IMPORTANT EARLY BRITISH PRINTING OF "LORD DUNMORE'S PROCLAMATION" DECLARING MARTIAL LAW & OFFERING FREEDOM TO THE ENSLAVED AND INDENTURED SERVANTS
The Edinburgh Evening Courant. Edinburgh, [Scotland, Great Britain]: Printed for R. Fleming, 15 January 1776. 4 pages, folio, disbound. Approx. 11 x 17 in.
An important early printing in Great Britain of the seminal Proclamation by Lord Dunmore promising emancipation to enslaved men who joined his Loyalist cause.
John Murray, 4th Earl of Dunmore (1730-1809) was a British Army officer who served as the governor of Virginia from 1771 until his ultimate escape back to Great Britain in 1776. He was a deeply unpopular governor as he had no natural political acumen, and his Loyalist allegiance was well known.
At the start of rising hostilities in April 1775, Lord Dunmore ordered the gunpowder from the Williamsburg Magazine to be removed in secret, enraging the colonists. Tensions continued to rise, and on June 8th, Dunmore fled the Governor's Palace aboard the HMS Fowey anchored in the York River. Joining a small British naval force, he began raiding coastal plantations and attempting to entice enslaved people to join him.

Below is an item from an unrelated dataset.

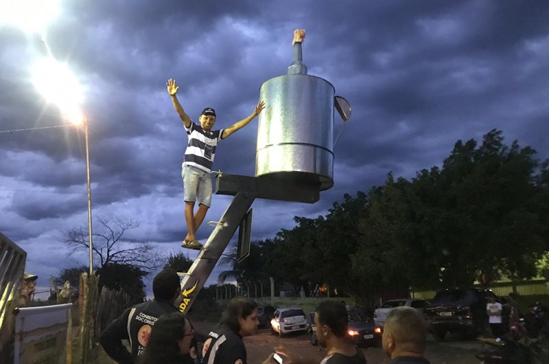 O inventor do objeto gigante é o itaporanguense Antônio Modesto da Silva, que tem um sítio chamado Jenipapo, local onde aconteceu o evento. A ideia veio após faltar energia geral na cidade onde ele reside, foi quando ele resolveu fazer uma criação que servisse para iluminar quando isso voltasse a acontecer. O sertanejo já havia projetado pequenos candeeiros para sua família no sítio onde ele morava, quando faltava luz, mas nada comparado a esse. Modesto trabalha como taxista no município itaporanguense e afirmou que deseja que sua criação vá para o Guinness Book .

On 15 November 1776, Dunmore publicly announced a Proclamation, signed on November 7th, which declared martial law in Virginia and called for all men able to bear arms to fight under his banner. Most importantly, however, the proclamation offered freedom to those held in bondage by patriots if they joined his cause. Within a month, at least 300 Black men had joined Dunmore's "Royal Ethiopian Regiment," eventually growing to 800.
News of Dunmore's Proclamation spread quickly, with the text printed throughout the colonies' newspapers; for example, the text was printed in the 6 December 1775 issue of the Pennsylvania Journal and Weekly Advertiser (c.f. Gilder Lehrman Institute of American History, GLC01706). Fear and anger spread quickly among the slave-owning colonists. Slave patrols were set up nearly immediately in Virginia, and other colonies set up preventative measures.
The printing here represents one of the earliest British printings of the proclamation, notably in the Edinburgh Evening Courant, a Whig publication issued thrice weekly in Dunmore's own native Scotland. The text reads in full:
"As I have ever entertained Hopes that an Accommodation might have taken Place between Great-Britain and this Colony, without being compelled by my Duty to this most disagreeable but now absolutely necessary Step, rendered so by a Body of armed Men unlawfully assembled, firing on His Majesty’s Tenders, and the Formation of an Army, and that Army now on their March to attack his Majesty’s Troops and destroy the well disposed Subjects of this Colony. To defeat such treasonable Purposes, and that all such Traitors, and their Abettors, may be brought to Justice, and that the Peace, and good Order of this Colony may be again restored, which the ordinary Course of the Civil Law is unable to effect; I have thought fit to issue this my Proclamation, hereby declaring, that until the aforesaid good Purposes can be obtained, I do, in Virtue of the Power and Authority to ME given, by his Majesty, determine to execute Martial Law, and cause the same to be executed throughout this Colony: and to the end that Peace and good Order may the sooner be restored, I do require every Person capable of bearing Arms to resort to his Majesty’s STANDARD, or be looked upon as Traitors to his Majesty’s Crown and Government, and thereby become liable to the Penalty the Law inflicts upon such Offences; such as forfeiture of Life, confiscation of Lands, &c. &c. And I do hereby farther declare all indentured Servants, Negroes, or others, (appertaining to Rebels,) free that are able and willing to bear Arms, they joining his Majesty’s Troops as soon as may be, for the more speedily reducing this Colony to a proper Sense of their Duty, to his Majesty’s Crown and Dignity. I do further order, and require, all his Majesty’s Liege Subjects, to retain their Quitrents, or any other Taxes due or that may become due, in their own Custody, till such Time as Peace may be again restored to this at present most unhappy Country, or demanded of them for their former salutary Purposes, by Officers properly authorised to receive the same.
He would continue to attempt to launch a Loyalist counterattack to retake Virginia, but after the burning of Norfolk, he would return to Great Britain in August 1776.
This significant newspaper issue is enhanced further with other reporting on the Revolutionary War, including news updates and troop counts across the colonies.
An important early printing of the significant proclamation.
VERY RARE. We found no other copies at the time of cataloging.